Основные метафоры у Арто окрашены в классически гностические тона. Тело есть разум, обращенный в «материю». Язык же уподобляется телу, отягощающему, деформирующему душу, поскольку это — мысль, обращенная в «материю». Проблема языка, как Арто формулирует ее для себя, идентична проблеме материи. Отвращение, которое вызывает тело, и отталкивающий характер слов — две разновидности одного и того же чувства. Согласно параллелям, установившимся в образах Арто, сексуальность — это развращенная, падшая активность тела, а «литература» — развращенная, низменная активность слов. И хотя Арто никогда не оставлял надежд поставить занятия искусством на службу духовному освобождению, искусство всегда вызывало у него подозрения — как и тело. Подобно надеждам, которые Арто возлагал на тело, чаяния, связывавшиеся им с искусством, обусловлены гностицизмом. Видение тотального искусства по форме сходно с видением искупления тела. («Тело — это тело / оно одиноко / органы ему не нужны», пишет Арто в одном из своих последних стихотворений.) Искусство станет искупительным, когда, подобно искупленному телу, преодолеет себя — лишится органов (жанров), составных частей. В искупленном искусстве, каким представляет его себе Арто, отдельных произведений искусства не будет — лишь одно тотальное арт-пространство, волшебное, пароксизмальное, очистительное и в конечном счете непроницаемое.

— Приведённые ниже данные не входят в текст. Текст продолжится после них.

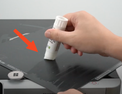 將列印板取下,使用原廠提供的熱床固體膠,塗上薄薄一層,再放回去對齊位置即可。
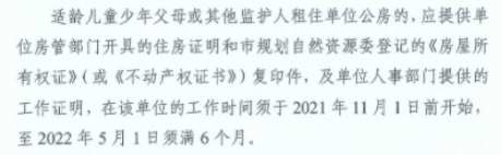 凡租住受雇单位公房的,应提供房屋产权证、单位房管部门开具的住房证明材料及单位人事部门提供的工作证明材料,工作时间应不晚于2021年5月1日(工作证明材料开具单位应与签署劳动合同单位一致)。

В гностицизме — чувствовании, выстроенном скорее вокруг знания (гнозис), нежели веры, — проводится четкое различие между познанием общедоступным и потаенным. Адепт обязан пройти через различные ступени обучения, чтобы удостоиться посвящения в истинное учение. Знание, отождествляемое со способностью к самопреображению — удел лишь немногих. Арто с его гностическим чувствованием, естественно, тянулся к самым разным тайным учениям — одновременно как альтернативе и модели для искусства. В 1930-х годах Арто, эрудит-любитель с неуемной энергией, запоем читал об эзотерических системах алхимии, Таро, каббалы, астрологии, розенкрейцерства. Роднит все эти учения то, что каждое из них представляет собой довольно позднюю, декадентскую перелицовку гностических тем. Модель для своего театра Арто позаимствовал из ренессансной алхимии: подобно алхимическим символам, театр описывает «философские состояния материи» и пытается преобразовать их. Иной пример: карты Таро послужили фундаментом для «Новых откровений бытия», написанных в 1937 году, непосредственно перед его полуторамесячным путешествием по Ирландии; эта книга — последняя из созданных до нервного срыва, результатом которого стало интернирование Арто по возвращении во Францию. Но ни одно из этих давно сформулированных, схематичных и исторически окаменелых тайных учений не могло сравниться с судорогами живого гностического воображения в голове Арто.

По-настоящему интересно только то, что тебя выматывает. Основные идеи Арто выглядят довольно сырыми; свою силу они обретают в запутанной риторике его самоанализа, равного которому в истории гностического воображения нет. И тут мы впервые можем наблюдать за развитием гностической тематики. Творчество Арто в особенности ценно именно тем, что это — первая детальная хроника проживания всей траектории гностической мысли, результатом чего, разумеется, стала ужасная катастрофа.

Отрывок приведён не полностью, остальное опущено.